• _Task instructions_:
Copy verbatim the block of lines in the entries below whose first line contains "近日,吉林省教育厅组织开展了" and whose last line contains "Женские топы с". Leave out all other lines.

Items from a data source
((

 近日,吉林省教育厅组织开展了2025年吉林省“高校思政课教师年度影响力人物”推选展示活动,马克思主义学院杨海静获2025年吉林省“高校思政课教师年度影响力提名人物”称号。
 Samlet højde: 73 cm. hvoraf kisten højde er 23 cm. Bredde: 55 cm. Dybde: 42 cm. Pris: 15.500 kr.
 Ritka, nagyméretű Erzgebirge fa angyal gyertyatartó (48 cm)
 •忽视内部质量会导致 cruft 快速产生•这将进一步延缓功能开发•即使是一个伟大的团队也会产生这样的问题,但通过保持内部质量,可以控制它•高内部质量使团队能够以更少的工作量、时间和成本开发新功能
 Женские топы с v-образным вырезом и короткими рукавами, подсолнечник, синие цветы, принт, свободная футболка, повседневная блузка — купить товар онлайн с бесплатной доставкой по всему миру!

))
((

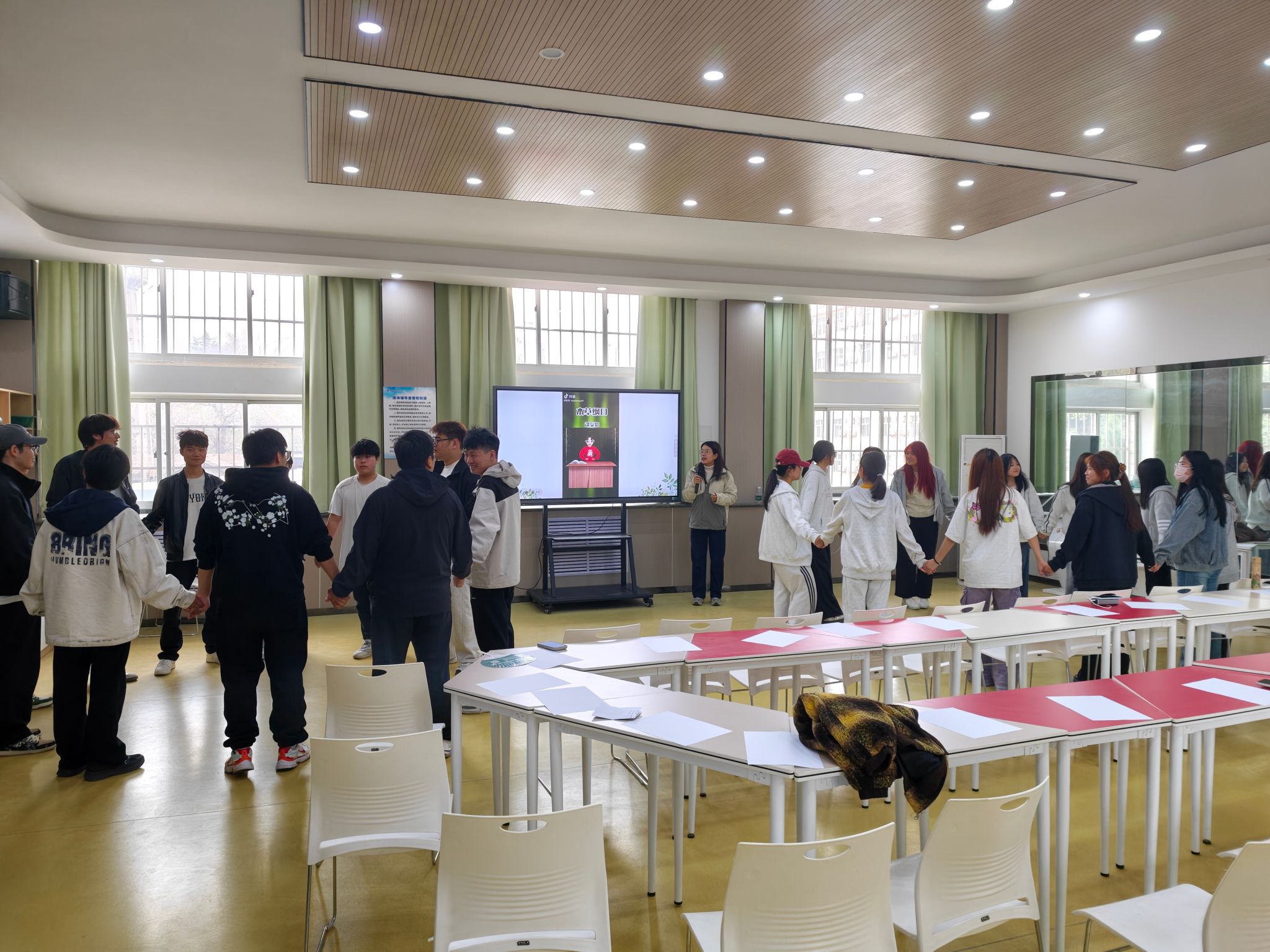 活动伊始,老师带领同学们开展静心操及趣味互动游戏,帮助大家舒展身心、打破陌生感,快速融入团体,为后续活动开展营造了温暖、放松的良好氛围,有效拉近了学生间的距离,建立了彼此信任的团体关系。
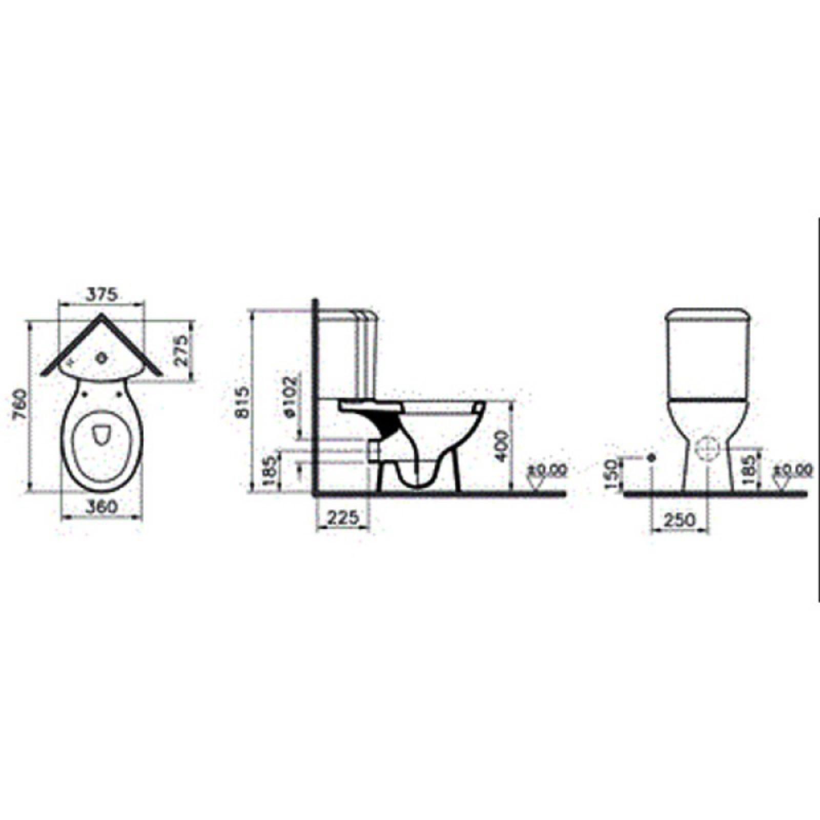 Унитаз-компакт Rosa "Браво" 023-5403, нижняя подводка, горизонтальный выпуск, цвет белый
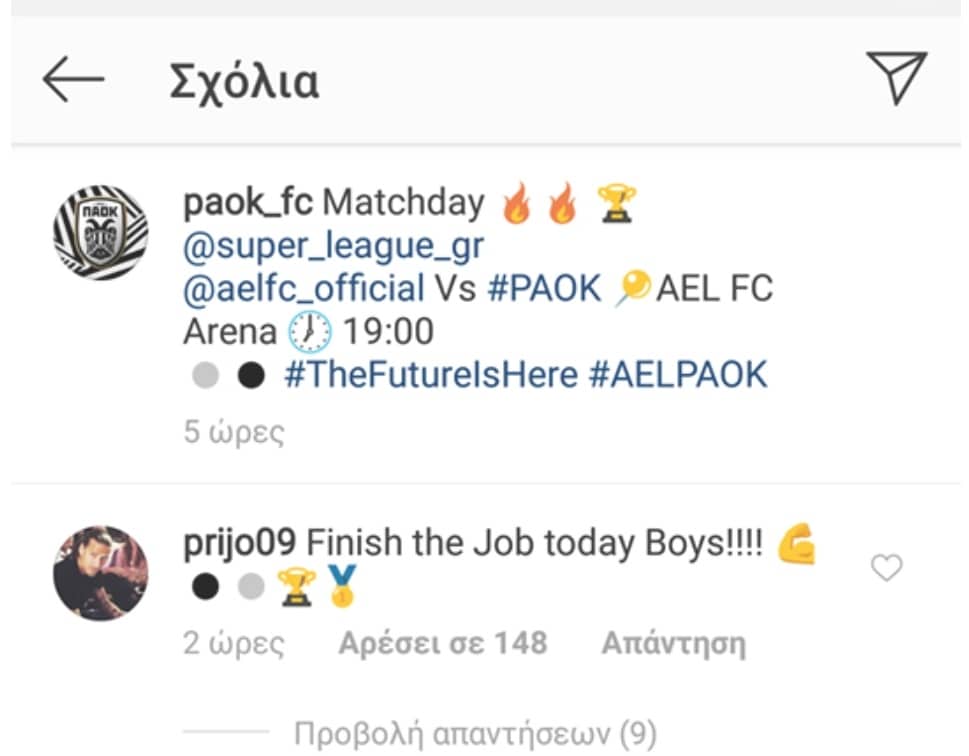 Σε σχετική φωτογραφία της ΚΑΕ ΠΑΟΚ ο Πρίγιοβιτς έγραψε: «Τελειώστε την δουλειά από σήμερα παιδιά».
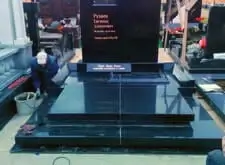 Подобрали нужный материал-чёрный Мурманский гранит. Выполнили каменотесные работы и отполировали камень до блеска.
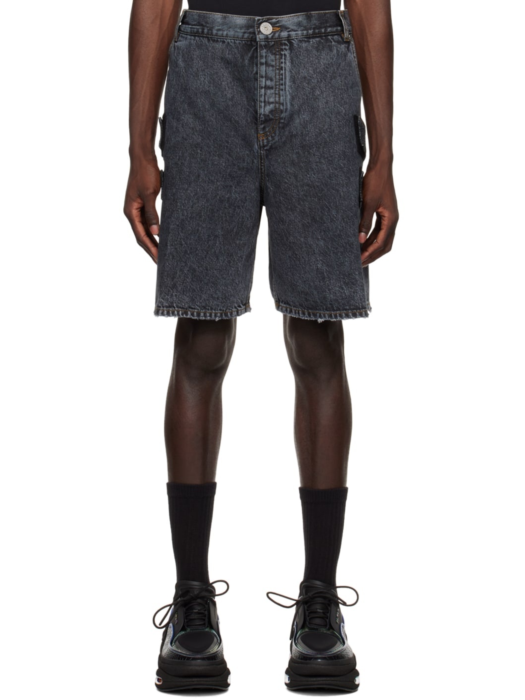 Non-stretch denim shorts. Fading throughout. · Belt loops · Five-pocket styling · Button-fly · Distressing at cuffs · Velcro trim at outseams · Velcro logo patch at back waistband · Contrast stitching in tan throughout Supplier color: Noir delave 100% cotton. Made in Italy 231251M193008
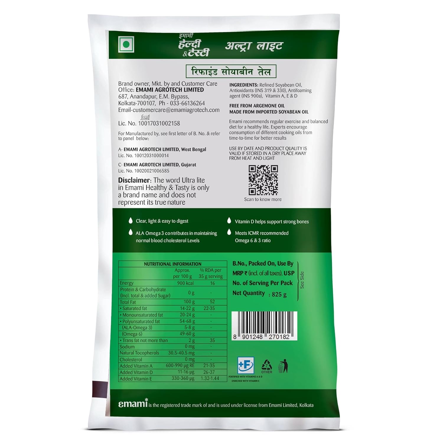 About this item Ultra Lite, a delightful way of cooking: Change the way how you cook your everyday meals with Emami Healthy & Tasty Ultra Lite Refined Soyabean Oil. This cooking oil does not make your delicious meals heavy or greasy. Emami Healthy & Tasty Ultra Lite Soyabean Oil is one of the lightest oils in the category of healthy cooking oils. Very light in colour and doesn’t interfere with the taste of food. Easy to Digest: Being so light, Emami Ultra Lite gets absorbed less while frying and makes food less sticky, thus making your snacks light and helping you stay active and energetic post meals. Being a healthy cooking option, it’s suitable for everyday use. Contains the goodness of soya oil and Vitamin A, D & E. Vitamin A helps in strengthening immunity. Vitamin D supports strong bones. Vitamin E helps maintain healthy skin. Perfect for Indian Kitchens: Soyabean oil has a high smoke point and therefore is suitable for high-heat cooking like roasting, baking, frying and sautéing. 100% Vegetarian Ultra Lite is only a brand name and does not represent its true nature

))

• _Expected answer_:
 近日,吉林省教育厅组织开展了2025年吉林省“高校思政课教师年度影响力人物”推选展示活动,马克思主义学院杨海静获2025年吉林省“高校思政课教师年度影响力提名人物”称号。
 Samlet højde: 73 cm. hvoraf kisten højde er 23 cm. Bredde: 55 cm. Dybde: 42 cm. Pris: 15.500 kr.
 Ritka, nagyméretű Erzgebirge fa angyal gyertyatartó (48 cm)
 •忽视内部质量会导致 cruft 快速产生•这将进一步延缓功能开发•即使是一个伟大的团队也会产生这样的问题,但通过保持内部质量,可以控制它•高内部质量使团队能够以更少的工作量、时间和成本开发新功能
 Женские топы с v-образным вырезом и короткими рукавами, подсолнечник, синие цветы, принт, свободная футболка, повседневная блузка — купить товар онлайн с бесплатной доставкой по всему миру!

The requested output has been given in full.